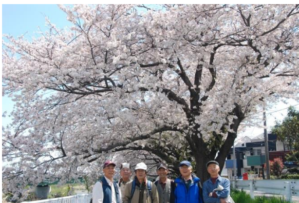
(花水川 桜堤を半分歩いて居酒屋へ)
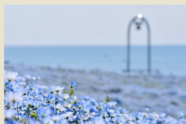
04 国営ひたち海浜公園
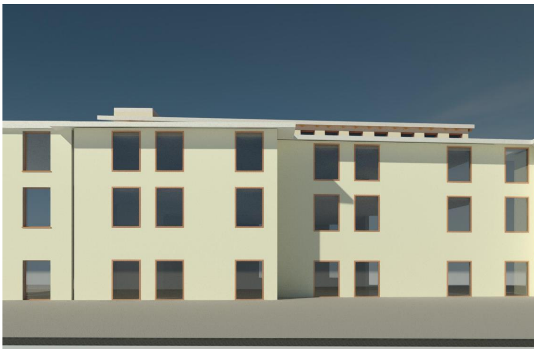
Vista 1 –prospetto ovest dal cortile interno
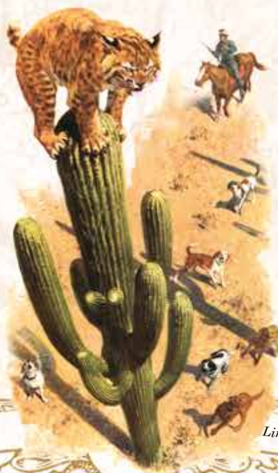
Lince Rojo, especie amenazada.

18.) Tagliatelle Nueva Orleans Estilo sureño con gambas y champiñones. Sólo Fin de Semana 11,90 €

■ ■ ■ ■

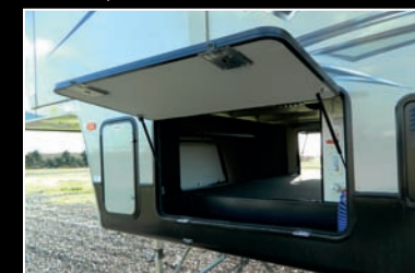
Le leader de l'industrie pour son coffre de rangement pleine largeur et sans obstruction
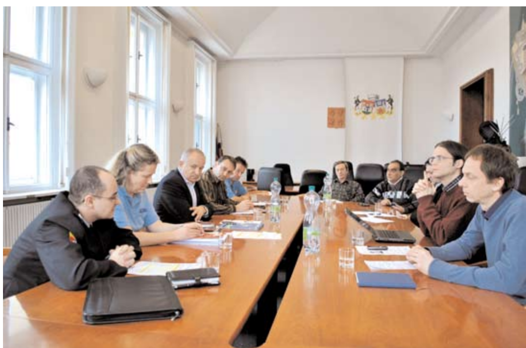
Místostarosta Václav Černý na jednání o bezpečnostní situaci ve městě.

■ ■ ■ ■

◆ WORK INSTRUCTION
Begin at the line in the entries above that has "(花水川 桜堤を半分歩いて居酒屋へ)", stop after the line that has "18.) Tagliatelle Nueva", and output exactly those lines without pictures.

◆ RESULT OF THE EXERCISE
(花水川 桜堤を半分歩いて居酒屋へ)
04 国営ひたち海浜公園
Vista 1 –prospetto ovest dal cortile interno
Lince Rojo, especie amenazada.

18.) Tagliatelle Nueva Orleans Estilo sureño con gambas y champiñones. Sólo Fin de Semana 11,90 €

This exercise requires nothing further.